Although the Bank of England base rate has been at a record low of 0.5% since April 2009, mortgage customers still need to prepare for a potential rise.
Even the expectation of a base rate rise is enough to affect the price of mortgages. Earlier this year, some said that we would see a base rate rise in the first half of 2011. This helped cause average fixed rates to rise at the turn of the year, before coming down again in recent months as the expectation of a base rate rise moved to later in the year or even 2012. In July, average mortgage rates (fixed and tracker) fell to their lowest levels in 23 years, according to Moneyfacts .
The truth is no one knows for sure when the base rate will increase, but it’s vital we start thinking about its effects now.

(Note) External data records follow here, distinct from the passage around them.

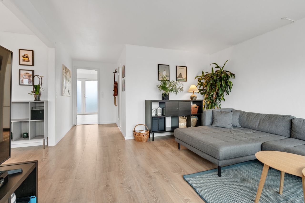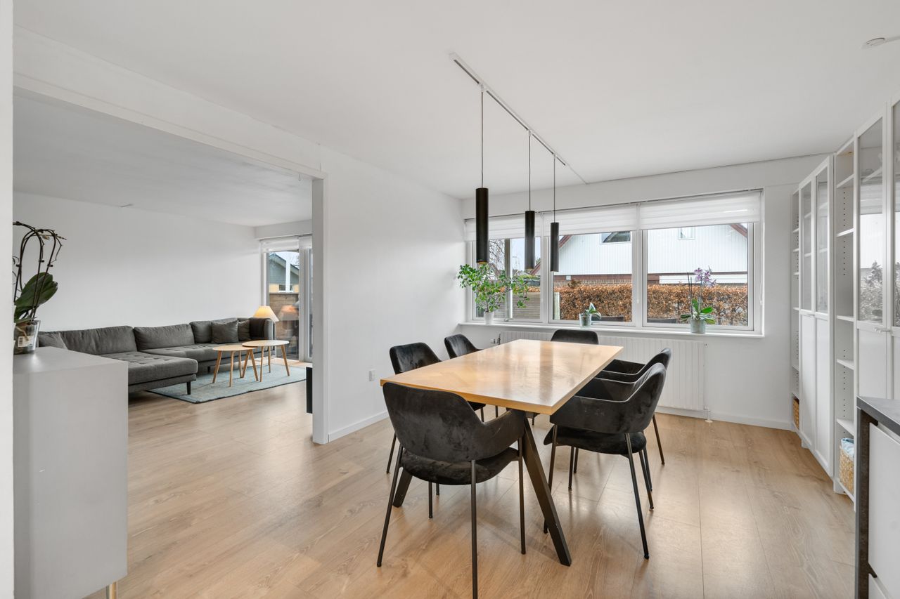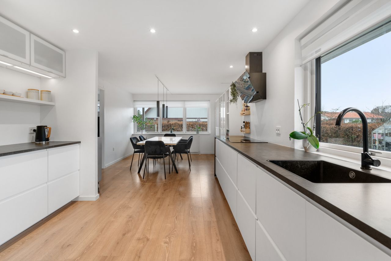 Boligen byder på en gennemtænkt og funktionel planløsning. Husets naturlige samlingspunkt er det åbne og lyse køkken/alrum, som ligger i direkte forbindelse med stuen. Her er god plads til både hverdagsliv og gæster, og de store vinduespartier sikrer et dejligt lysindfald.
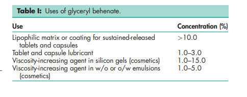Glyceryl behenate is used in cosmetics, foods, and oral pharmaceutical formulations; see Table I. In pharmaceutical formulations, glyceryl behenate is mainly used as a lubricant in the preparation of oral tablets and capsules.(1–3) It has good binding properties, it does not affect tablet hardness and is unaffected by mixing or production parameters. Glyceryl behenate has been investigated for the encapsulation of various drugs such as retinoids.(4) It has also been investigated for use in the preparation of sustained-release tablets;(5–10) as a matrix-forming agent for the controlled release of water-soluble drugs;(10) and it can also be used as a hot-melt coating agent sprayed onto a powder or drug-loaded sugar beads and granules.(11,12) It may also be incorporated via extrusion/spheronization into pellets, which can be further compressed into tablets. Glyceryl behenate is used in oral enteric-coated pellets, powders and suspensions. It is also used in controlled, extended-release and orally disintegrating tablets. For oral preparations, glyceryl behenate forms a lipidic matrix for sustained-release formulations. It has been used along with acid-soluble or swellable polymers to mask the bitter or unpleasant taste of the medicament with improved palatability.(13) Glyceryl behenate has been used for the preparation of ophthalmic inserts.(14,15) In cosmetics, glyceryl behenate is used as a skin conditioning agent, emollient and viscosity-increasing agent in emulsions. It also improves the heat stability of emulsions and is a gelifying agent for various oils. For topical formulations, it is used as a thickening agent for oily phases. It is also used as a surfactant or emulsifying agent
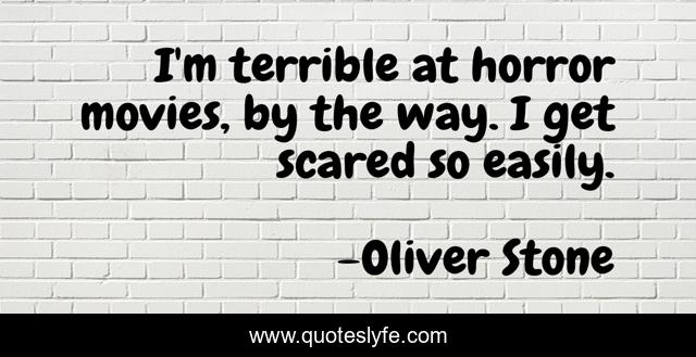 This page presents the quote "I'm terrible at horror movies, by the way. I get scared so easily.". Author of this quote is Oliver Stone. This quote is about horror, scared, way,.

A base rate rise is likely to trigger more of us into remortgaging as we seek the safety of a fixed rate product. Lenders are, to an extent, already seeing this take place, with fixed rates growing in popularity over recent months and the trend for trackers going the opposite way . While the cost of fixed rates have been falling recently, this situation will eventually reverse as the banks and building societies factor in future rises in the base rate and the best deals may be snapped up rather quickly.
A sudden increase in the number of borrowers looking to remortgage may put pressure on lenders’ resources and service levels if demand is high. At Nationwide, we pride ourselves on service and we’re already reviewing our processes in the event of a base rate rise.
Although remortgage activity will be high, some people may unfortunately find that they are unable to get a new deal. This may be because the loan to value (LTV) ratio on their property has changed due to lower house prices, that they now need to prove their income if they’re self employed, or that they have had a change in financial circumstances as a result of the economic downturn.
Others who are on low standard variable rates (SVRs) may decide to take a chance that the base rate will not rise by much and stay where they are on a relatively low variable rate. For example, some people on Nationwide’s Base Mortgage Rate (BMR) at 2.5%* might feel comfortable with their interest rate rising by 1% or 2%. This will of course depend on their appetite for risk (i.e. would they prefer to know what their monthly mortgage payments will be for a certain deal period) and on their LTV – for example, there are five-year fixed rates well below 4% available for those with higher deposits. However, a mortgage isn’t always just about its rate – a customer’s current mortgage may include useful features, such as the ability to apply for a payment holiday, which a different mortgage may not have. It’s also important that customers check with their current lender that there won’t be any financial penalties if they decide to switch to a different mortgage or lender.
Either way, a rise in base rate will no doubt put some people under a bit more financial pressure. This is where banks, building societies and brokers could help. If you are concerned about the future, start talking through your options. Starting to think seriously about what to do now is likely to help you be better prepared for the future.
* Any Nationwide mortgage products reserved on or before 29 April 2009 will revert to the Base Mortgage Rate (BMR). If you choose to switch to a new Nationwide mortgage product, the new product will revert onto our Standard Mortgage Rate (SMR). Both are variable rates which we may vary in accordance with our mortgage terms and conditions. However, the BMR is guaranteed to be no more than 2% above the Bank of England base rate, whilst the SMR has no upper limit or cap. If you choose to switch to a new product, it is not possible to switch back to the BMR at a later date.